Among the entries below, the lines from the one with "After Buchillon, I" up to and including the one with "Image of the" are to be restated exactly, without pictures.

Supplied material:
━━━━━━

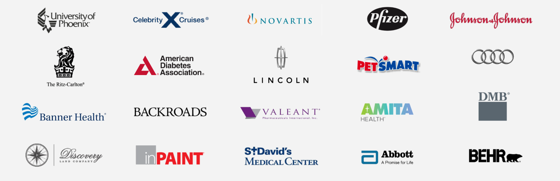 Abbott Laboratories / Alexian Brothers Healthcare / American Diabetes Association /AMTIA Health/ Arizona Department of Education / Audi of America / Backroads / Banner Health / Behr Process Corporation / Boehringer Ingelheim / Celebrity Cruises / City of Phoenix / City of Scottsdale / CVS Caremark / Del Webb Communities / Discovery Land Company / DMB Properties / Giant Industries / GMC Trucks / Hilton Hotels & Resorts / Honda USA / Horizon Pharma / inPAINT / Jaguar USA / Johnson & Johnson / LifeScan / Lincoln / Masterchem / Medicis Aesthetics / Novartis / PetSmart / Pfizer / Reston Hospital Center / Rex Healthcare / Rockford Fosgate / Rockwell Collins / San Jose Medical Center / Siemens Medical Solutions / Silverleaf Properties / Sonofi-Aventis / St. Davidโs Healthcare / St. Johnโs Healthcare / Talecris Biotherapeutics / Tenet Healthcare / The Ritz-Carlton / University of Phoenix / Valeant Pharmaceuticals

━━━━━━

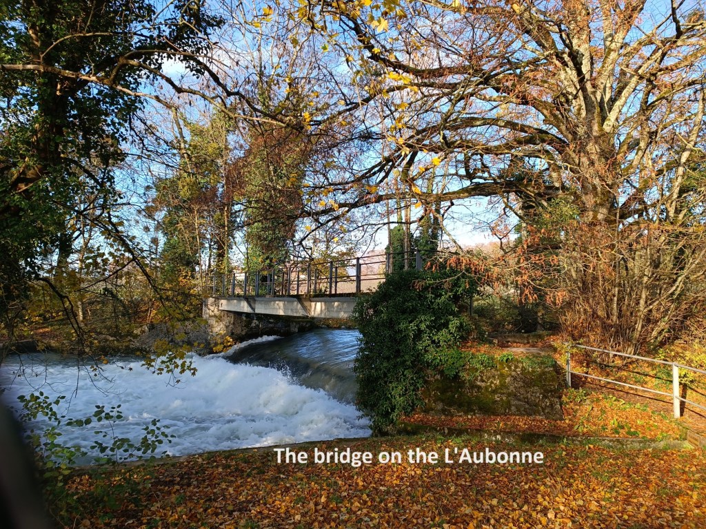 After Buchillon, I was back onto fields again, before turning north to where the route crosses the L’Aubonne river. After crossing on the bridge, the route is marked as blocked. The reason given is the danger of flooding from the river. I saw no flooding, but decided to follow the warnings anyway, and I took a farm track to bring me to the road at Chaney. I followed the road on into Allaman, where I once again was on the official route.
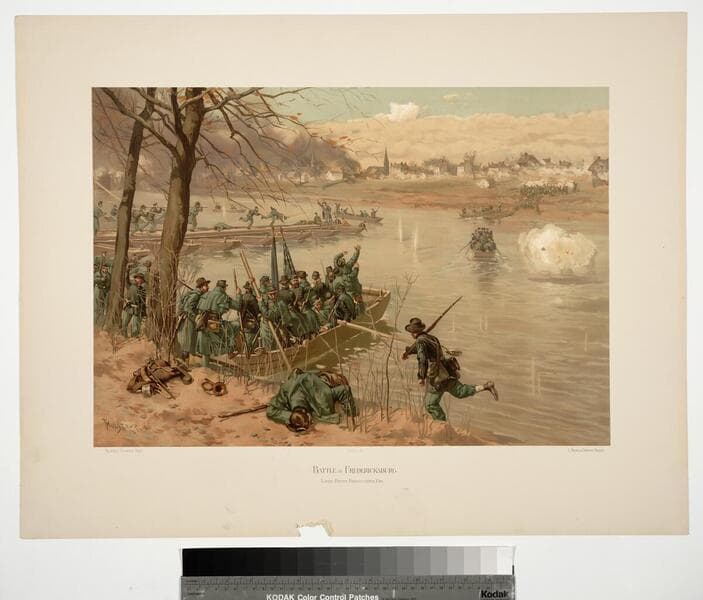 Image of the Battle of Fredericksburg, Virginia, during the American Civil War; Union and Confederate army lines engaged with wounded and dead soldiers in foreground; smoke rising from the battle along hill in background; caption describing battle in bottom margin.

━━━━━━

Response below:
 After Buchillon, I was back onto fields again, before turning north to where the route crosses the L’Aubonne river. After crossing on the bridge, the route is marked as blocked. The reason given is the danger of flooding from the river. I saw no flooding, but decided to follow the warnings anyway, and I took a farm track to bring me to the road at Chaney. I followed the road on into Allaman, where I once again was on the official route.
 Image of the Battle of Fredericksburg, Virginia, during the American Civil War; Union and Confederate army lines engaged with wounded and dead soldiers in foreground; smoke rising from the battle along hill in background; caption describing battle in bottom margin.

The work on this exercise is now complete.